Re: Is there a way to process very large header-only mbox files efficiently with mime4j?

Tim Clotworthy Fri, 15 Sep 2023 12:27:42 -0700

________________________________
From: Benoit TELLIER <btell...@linagora.com>
Sent: Friday, September 15, 2023 3:02 AM
To: mime4j-dev@james.apache.org <mime4j-dev@james.apache.org>; 
mime4j-dev@james.apache.org <mime4j-dev@james.apache.org>
Subject: Re: Is there a way to process very large header-only mbox files 
efficiently with mime4j?


This email was sent from an external server

Hello Tim.

Which version of MIME4J are you using?

How long is too long?

I think having a JMH micro-benchmark covering your use case might be relevant! 
I also think we have no benchmarks for mbox parsing...

Regarding your solution, wouldn't it be simpler to just ignore these 5MB long 
messages and keep parsing the mbox files nonetheless?  (MimeConfig can limit 
maximum header count)
Or process these 5MB byte long messages as body? (EG happending /r/n at the 
beginning) If fonctionnaly acceptable that would be easier than touching the 
heart of mime4j...

--


Best regards,



Benoit TELLIER



General manager of Linagora VIETNAM.

Product owner for Team-Mail product.

Chairman of the Apache James project.



Mail: btell...@linagora.com

Tel: (0033) 6 77 26 04 58 (WhatsApp, Signal)

On Sep 15, 2023 1:01 AM, from Tim Clotworthy Good afternoon,

I have data parsing challenge related to our use of mime4j.

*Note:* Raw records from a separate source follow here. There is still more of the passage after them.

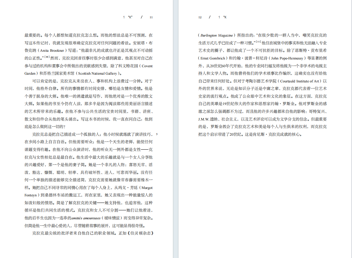 肯尼斯·克拉克,英国著名艺术史家、策展人、电视节目主持人。他不仅在关于风景画与裸体艺术的理论研究方面有里程碑式的贡献,在艺术的大众推广方面更是起到了不可估量的作用。30岁时他出任英国国家美术馆馆长,第二次世界大战期间成功使馆藏在轰炸中得以保存,同时又推行“每月一画”等计划,使博物馆成为战争中抚慰、鼓舞民心的机制;1969年,由他主持的BBC艺术纪录片《文明》在全球范围热播,开启了利用大众媒体进行艺术普及的先河。本书为克拉克的人生纪实,作者詹姆斯·斯托顿基于大量之前未曾公开过的档案,向我们详细介绍了克拉克献身学术研究与公共事业的一生,更揭示了他独一无二的人格魅力。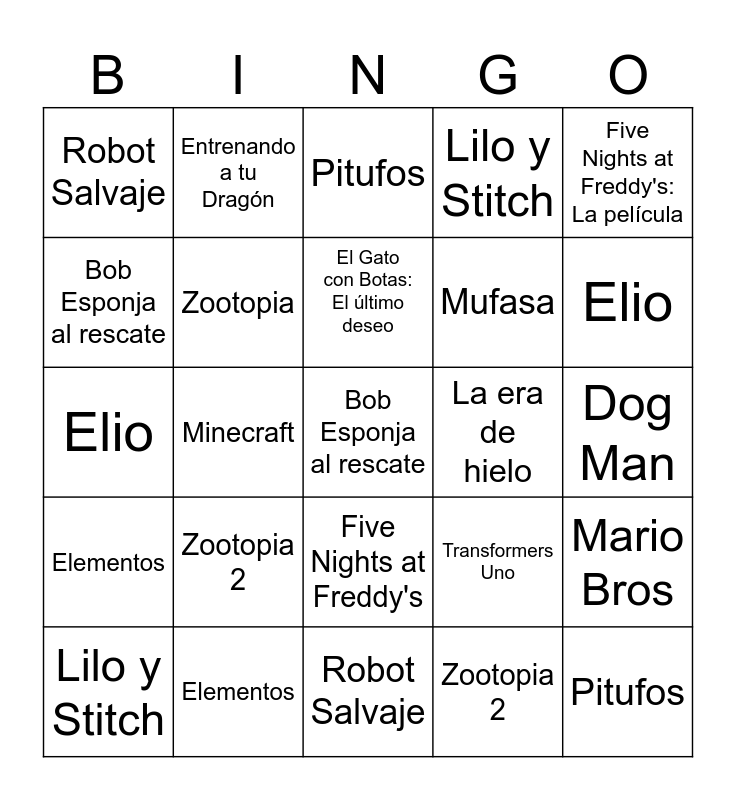 ⚠ This card has duplicate items: Red (3), Kung Fu Panda (3), Sing (3), Robot Salvaje (3), Flow (3), Dalia (3), Mufasa (3), Memorias de un Caracol (3), Soul (3), La era de hielo (3), Garfield (3), Mario Bros (3), Hotel Transilvania (3), Elementos (3), Intensamente 2 (2), Angry Birds (3), Shrek (3), Transformers Uno (2), Elio (3), Avengers (3), Pitufos (3), Lilo y Stitch (3), Entrenando a tu Dragón (live action) (2), Minecraft (3), Plankton (3), Norion en la Oscuridad (2), Sonic (3), Bad Guys (3), Dog Man (3), Bob Esponja al rescate (2), El Gato con Botas: El último deseo (2), Mi Villano Favorito 4 (2), Five Nights at Freddy's: La película (2), Moana 2 (2), LEGO Movie (2), They the Earth Blew Up (2), Zootopia 2 (2)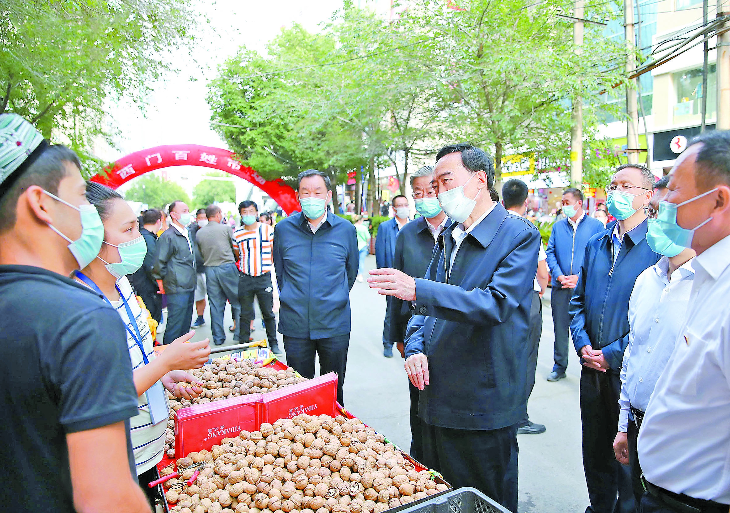 开设百姓市场、利民好物分享集市、便民商品交易市场,提供免费摊位和平价商品,是乌鲁木齐市为多渠道解决困难群体就业创业、推动复业复市采取的一项新举措。市场内,服装鞋帽、日用百货、水果副食等一应俱全。陈全国来到天山西门百姓市场,同管理人员、各族商户亲切交谈,仔细了解经营收入、市场管理等情况。他说,要积极拓宽就业渠道,丰富市场供给,规范经营秩序,加强防疫、卫生和消防管理,努力打造便民、利民、惠民市场。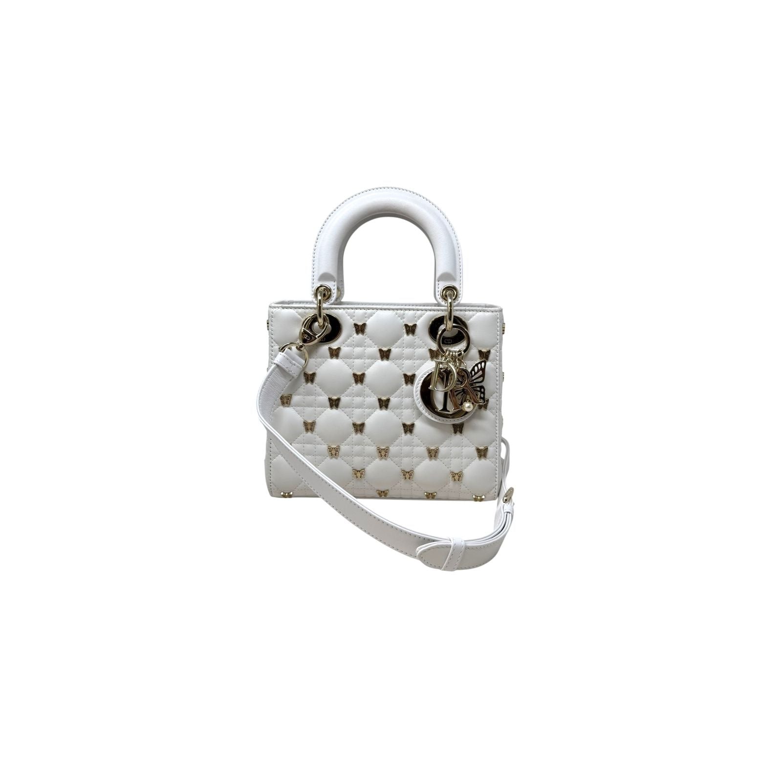 Edición especial. Elaborada en piel blanca. Herrajes dorados. Con Charms de mariposas. Dos asas cortas para llevar en la mano. Strap largo para usar crossbody o al hombro. Medidas: 20x17x8. Accesorios: cubrepolvo. Excelente estado.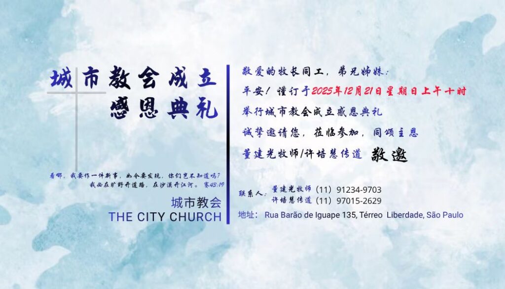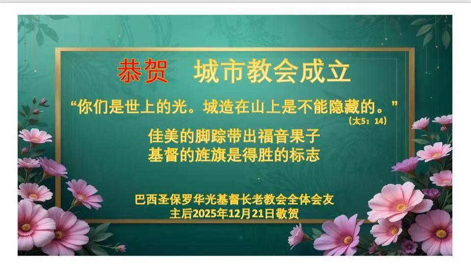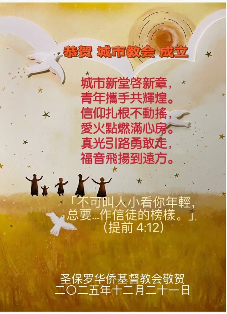 敬贺城市教会成立!愿主掌权带领董建光牧师和许培慧传道的服事,使用城市教会作为主熠熠发光的金灯台!(游修河傳道賀)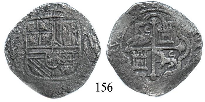 Mexico City, Mexico, cob 8 reales, Philip II or III, oMF, rare error with quadrants of cross transposed. S-M12 or 12a. 20.4 grams. Choice full cross with quadrants transposed (rare for this mint), also choice full shield, lightly corroded all over but nicely toned. Recovered from: "Rill Cove wreck," sunk ca. 1618 off Cornwall, England.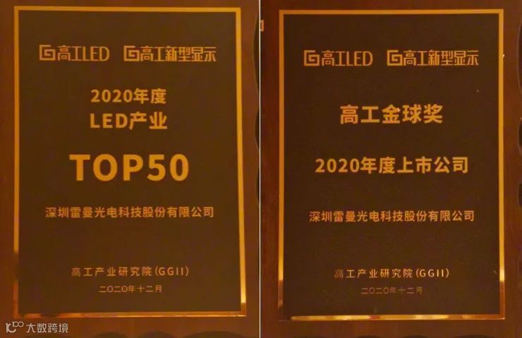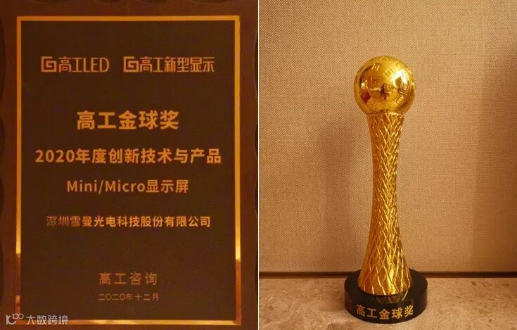 在12月15日结束的2020高工LED年会·高工金球奖颁奖典礼上,雷曼光电凭借优异的产品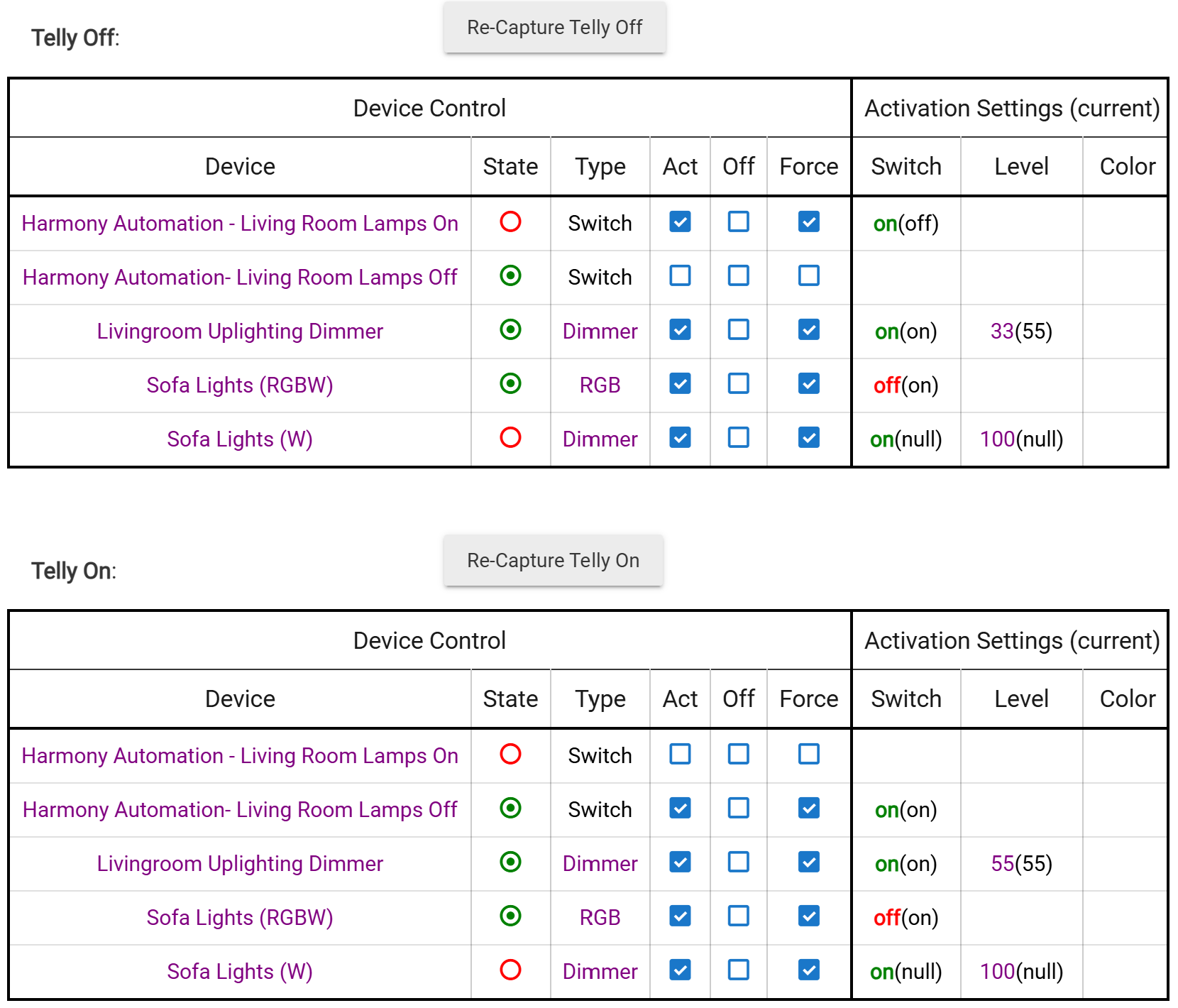 So, the system is changing my living room lights based on mode correctly; the system is turning the lights on correctly when the telly is off (including telling the Harmony Hub to turn on its lights); the system is mostly setting the correct lighting when the telly turns on but is failing to command the Harmony Hub to turn off its lights.

We encounter mbox 
data that is unconventional in structure, but we are required to process 
nonetheless. The particular mbox files we are having issues with are very large 
(some over 5MB), and are headers-only. Mime4j likely is parsing the files 
properly, but the time it takes is prohibitively long.

We use the MimeTokenStream parser. We don't believe this can be addressed in 
configuration (i.e. via MimeConfig).

An ideal situation would be to be able to specify if the number of headers 
processed exceeds maxHeaders, then stop parsing, reset the stream pointer to 
the beginning of the input stream and just output as one giant header (or 
body?) or, probably more realistically, chuck the output in chunks manageable 
for whatever is reasonable for IO parsing of this nature.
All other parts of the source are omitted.